The price competition also increases with low differentiation in the products offered by the
competitors. For example, in the aluminum can market, the product differentiation between various
suppliers are low. The customers in such markets have higher bargaining powers and thus, the
suppliers are forced to lower their prices. Moreover, the pricing pressure is worsened by the
customer inclination to reduce the number of vendors, in order to have improved relationship over
the long term. These factors challenge beverage packaging suppliers to find ways of improving
profitability without losing significant profit margins.
Saturation in the End User Markets Forces New Product and New Application Development
The beverage packaging market has become mature, with growth rates less than the United States
gross domestic product rates. The industry growth rate seems to be driven by the modestly growing
plastic containers segment. With the increased risk of high capital investment going bad due to the
rapidly changing end consumer tastes, the suppliers of packaging products face a dilemma. The
customers want continuous innovation and improved products from their suppliers and at the same time
they are unwilling to pay appropriately. This forces market participants to further develop new or
enhanced products for new applications in order to bolster market growth and at the same time to
ensure their existence in the marketplace.

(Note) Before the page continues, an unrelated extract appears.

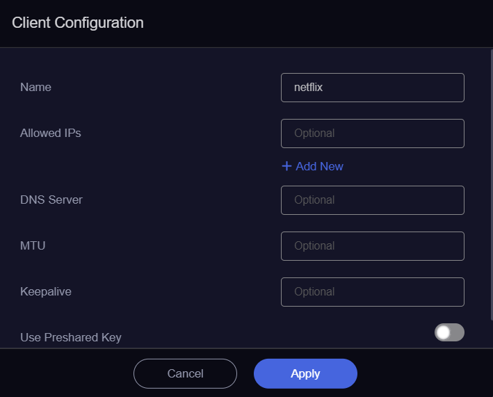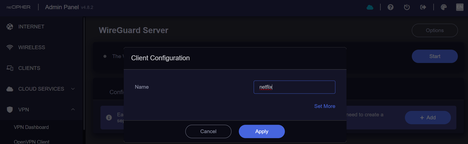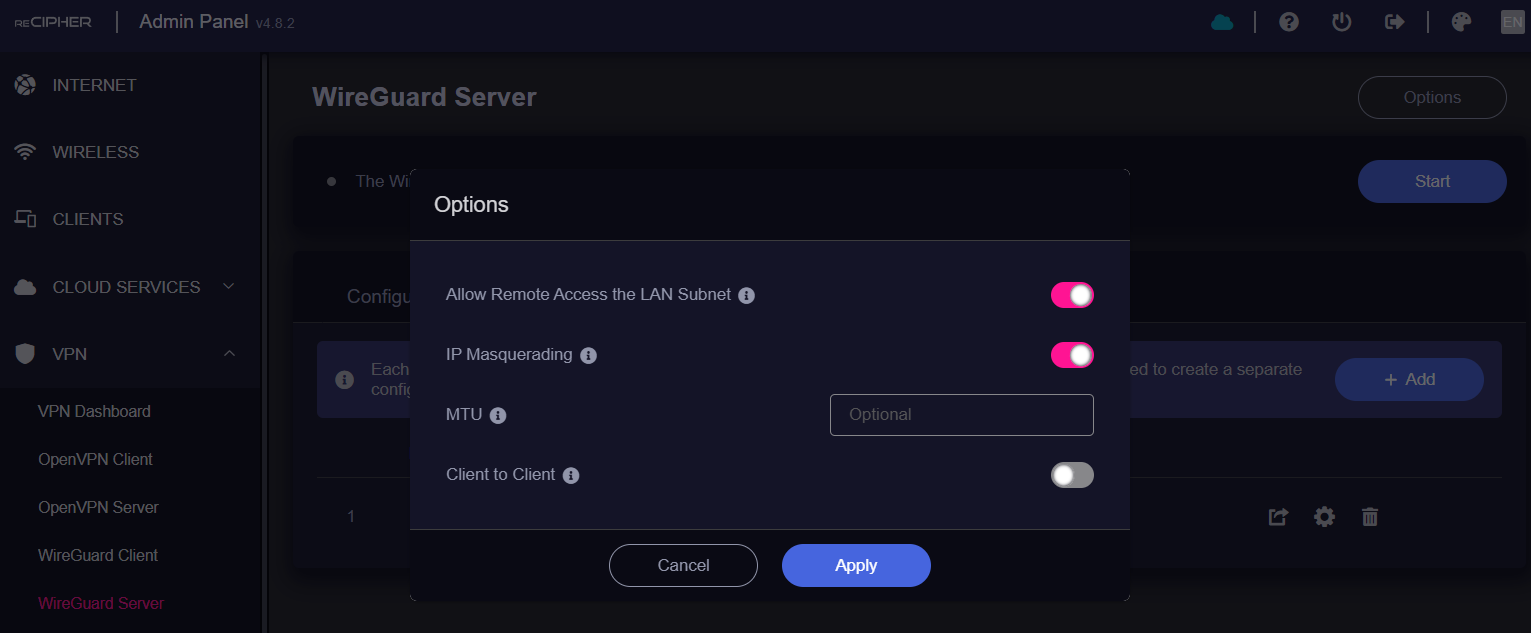 - Click Apply and then proceed to Start the Wireguard VPN Server

Thus, one of the most daunting challenges faced by the packaging suppliers is to identify new
segments that have high growth potential. This task becomes all the more difficult because the
pressure to differentiate their products is great. Though, there have been many new product
introductions in the recent past, the end consumers tastes and needs are to be kept in mind while
developing new products.
Multinational Customers Force Global Expansion
The major customer groups of beverage containers are huge multinationals manufacturers and
marketers of beverages such PepsiCo, Coca - Colas, Anheuser Busch etc. These companies are regularly
expanding their global operations. The increase in global operations is spurred by the fact that in
recent years, the domestic markets have become quite flat and the consumers have become more
demanding and health conscious. The look out for new avenues of growth opportunities has been
improved through Asian countries such as China and India and to some extent Brazil, showing strong
growth potential with gross domestic product (GDP) greater than 6.0 percent in 2003. This has turned
many of the major markets such as automotive and industrial to start their manufacturing in Asia to
serve the domestic market. These large customers are inclined to reducing their vendor base for all
their global requirements. This forces the packaging suppliers in the United States market to expand
to other parts of the globe as well. This is also due to the fact that as the United States market
gets increasingly commoditized, and the suppliers margins get squeezed, the competition becomes more
cut throat.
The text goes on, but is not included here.